Task objective:
Copy out the listing that follows exactly, dropping every picture.

Input data:

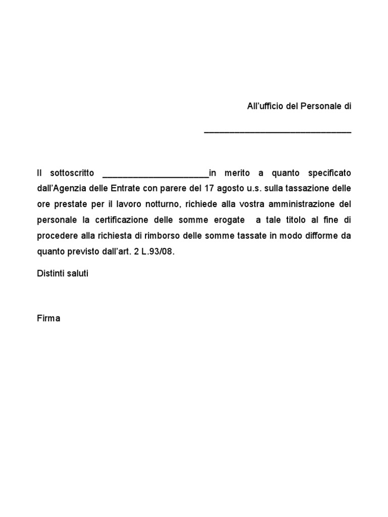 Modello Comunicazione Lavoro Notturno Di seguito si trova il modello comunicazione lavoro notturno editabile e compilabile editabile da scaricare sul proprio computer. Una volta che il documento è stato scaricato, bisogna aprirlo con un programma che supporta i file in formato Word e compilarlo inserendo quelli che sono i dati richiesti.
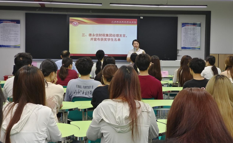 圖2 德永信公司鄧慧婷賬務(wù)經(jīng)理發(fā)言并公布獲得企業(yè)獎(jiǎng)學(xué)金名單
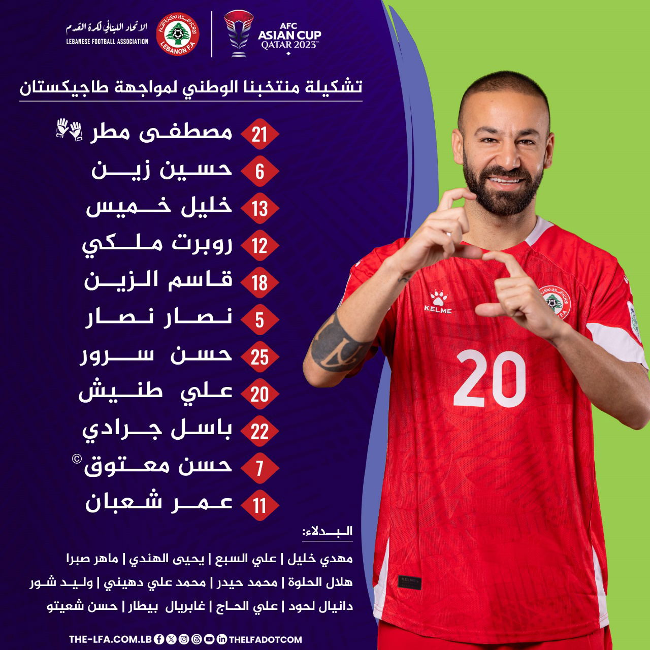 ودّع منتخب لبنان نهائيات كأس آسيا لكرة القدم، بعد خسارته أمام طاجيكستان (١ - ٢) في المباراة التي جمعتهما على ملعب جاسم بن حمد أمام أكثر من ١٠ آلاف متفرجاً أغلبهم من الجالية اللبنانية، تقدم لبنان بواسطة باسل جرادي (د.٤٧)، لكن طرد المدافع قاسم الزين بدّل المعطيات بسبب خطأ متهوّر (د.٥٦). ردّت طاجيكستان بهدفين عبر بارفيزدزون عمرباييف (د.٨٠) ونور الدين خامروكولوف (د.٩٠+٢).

Result of the exercise:
 Modello Comunicazione Lavoro Notturno Di seguito si trova il modello comunicazione lavoro notturno editabile e compilabile editabile da scaricare sul proprio computer. Una volta che il documento è stato scaricato, bisogna aprirlo con un programma che supporta i file in formato Word e compilarlo inserendo quelli che sono i dati richiesti.
 圖2 德永信公司鄧慧婷賬務(wù)經(jīng)理發(fā)言并公布獲得企業(yè)獎(jiǎng)學(xué)金名單
 ودّع منتخب لبنان نهائيات كأس آسيا لكرة القدم، بعد خسارته أمام طاجيكستان (١ - ٢) في المباراة التي جمعتهما على ملعب جاسم بن حمد أمام أكثر من ١٠ آلاف متفرجاً أغلبهم من الجالية اللبنانية، تقدم لبنان بواسطة باسل جرادي (د.٤٧)، لكن طرد المدافع قاسم الزين بدّل المعطيات بسبب خطأ متهوّر (د.٥٦). ردّت طاجيكستان بهدفين عبر بارفيزدزون عمرباييف (د.٨٠) ونور الدين خامروكولوف (د.٩٠+٢).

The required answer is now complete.